Home Linux Software Templates Guides

TensorFlow

TensorFlow is an open-source software library designed for high performance, scalable numerical computation, placing a particular emphasis on machine learning and deep neural networks. These pages provide a brief introduction to the use of TensorFlow through a series of increasingly complex examples.

The source code is available on GitHub, and additional resources for working with TensorFlow are available on the API Documentation and Youtube Channel.

All of the TensorFlow examples below are also available on GitHub.

TensorFlow icon

Icon from Wikimedia Commons

Structuring Code

For simple models like the ones presented above, a straight-forward imperative coding style is adequate. As models become more complex, however, it is better to define a dedicated class to represent the model in terms of attributes and methods.

  Hide Code     View on GitHub

Monitored Training Sessions

It is also helpful to save checkpoints and log files to monitor the progress of the training process. This can be done using the built-in tf.train.MonitoredTrainingSession and tf.summary.FileWriter functions. An example implementation of a monitored training session is provided below:

  Show Code     View on GitHub

The above code stores checkpoints in the directory ./Model/Checkpoints/ which are used to restore the trained model parameters after training. These checkpoints can also be used to resume where the training last left off in the event that the training process is interrupted (this is done automatically when the code above is called and previous checkpoints exist in the checkpoints folder). In addition, log files with summaries of the loss at each step are stored in the ./Model/logs/ directory.
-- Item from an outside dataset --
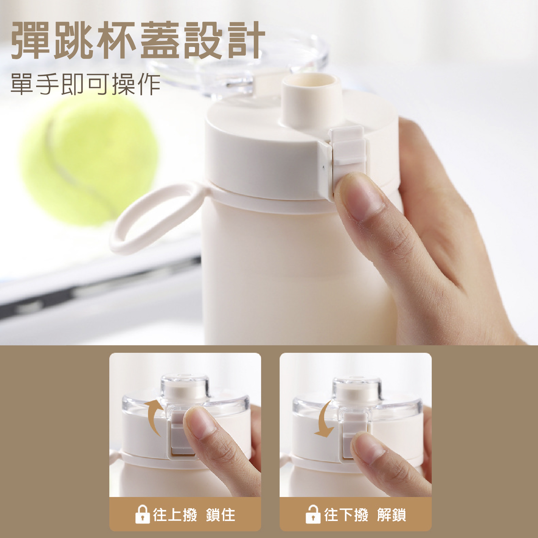 上撥鎖住,不怕誤觸開蓋、傾漏。

The summary data can be visualized using TensorBoard by issuing the command:

$ tensorboard --logdir Model/logs

and navigating to localhost:6006 in a web browser (if localhost is not set, you may consider trying 127.0.0.1:6006). After training the model defined above, the TensorBoard summaries and graph should appear roughly as follows:

Screenshot of TensorBoard summaries

Screenshot of TensorBoard graph

Early Stopping

Looking at the TensorBoard loss plot from the previous section, we see that the performance of the network effectively levels off less than halfway through the training process. Moreover, we note that some erratic behavior occurs after the peek performance is reached (i.e. the spikes which occur late in the training process). For this reason it is often helpful to specify a performance tolerance beforehand and to stop/save the model once this performance level has been reached.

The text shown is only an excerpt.